In fact, nothing helped the nausea and I was still feeling sick on Monday. The doctors at work gave me something for the sickness and sent off a urine sample for analysis. It came back positive for amphetamine! They’re still checking for Rohypnol.

So it looks like my drinks were spiked and I was conned into maxing out my credit card and overdraft. Either that or I got very drunk and very very stupid. Either way, that club screwed me over and I’m now in a precarious position. Since the transactions were authorised by PIN, the banks’ default position is that I’m liable.

It will take four months to claw my way back into the black, possibly longer. I am not seeing the funny side yet. So if I seem a bit less sparkly than usual, it’s because I’m still mentally kicking myself while trying to live as frugally as possible.

There are those not unrelated to me who may consider it a good thing that I’m having to face some stark financial hardship for a change. They may be right, and that does seem to be one arguably positive thing to come out of the whole mess. I just wish it wasn’t quite so stark.

Domestic carnage

What is it about cleaners that makes them want to destroy expensive glassware?

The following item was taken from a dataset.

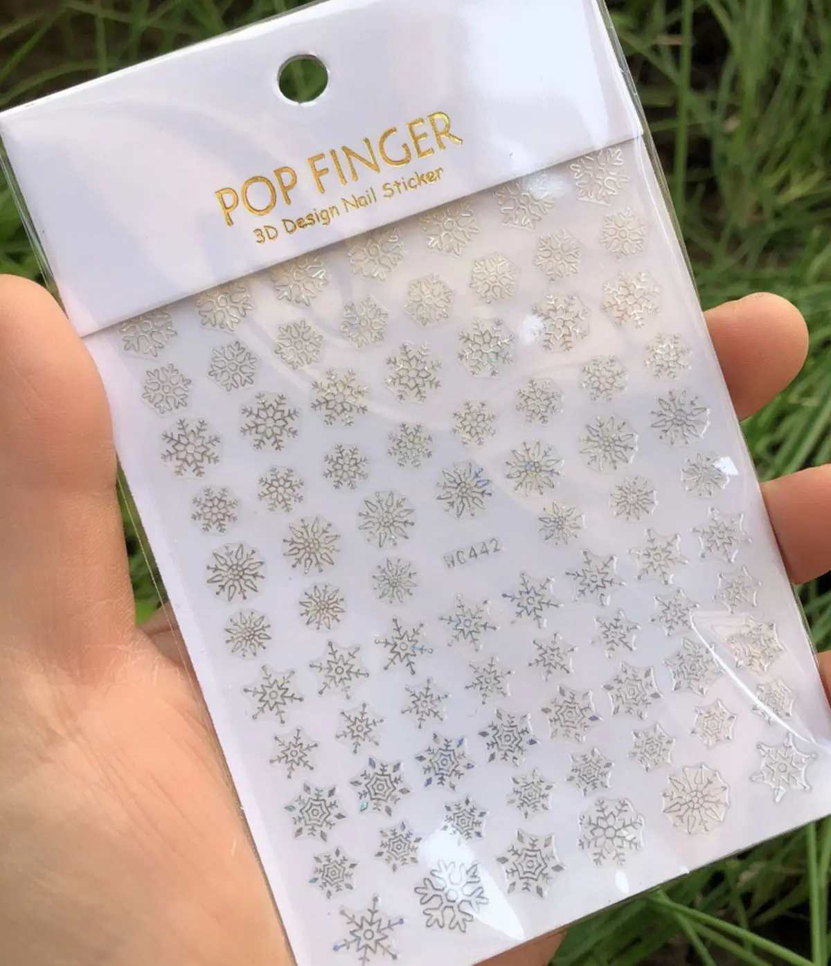 1 шт. 2021 Новый Зимний Рождественский Маникюр 3D лазерные Серебряные Снежинки наклейки для ногтей клейкий переводной слайдер для ногтевого дизайна наклейки
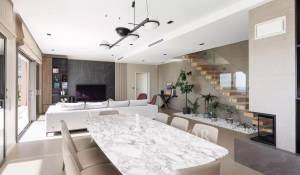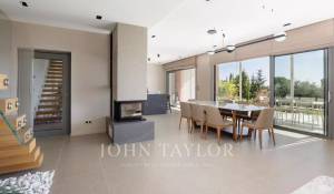 À l’extérieur, un jardin paysager et plusieurs terrasses avec pergola vous invitent à profiter de la vue imprenable et de la piscine, chauffable sur demande, parfaite pour des moments de détente en toute saison.

We fired the last one after she spilt the contents of my lava lamp over the phone, then overfilled the iron from the tap (having been told not to) and plugged it in, blowing up the iron and tripping the circuit breaker. Not to mention the smashing of the uplighter in the living room, and the mysterious disappearance of my giant beer glass.

Today, my pyrex teapot was prematurely forced into doing its duty by the 2nd law of thermodynamics, increasing its entropy until it became a pile of broken shards. Still, at least it’s easily replaceable.

Going to see Derren Brown in May. Yay!

Second migraine in a week

This one hospitalized me.

2 litres of intravenous fluid and 48 hours later, I am just starting to get better.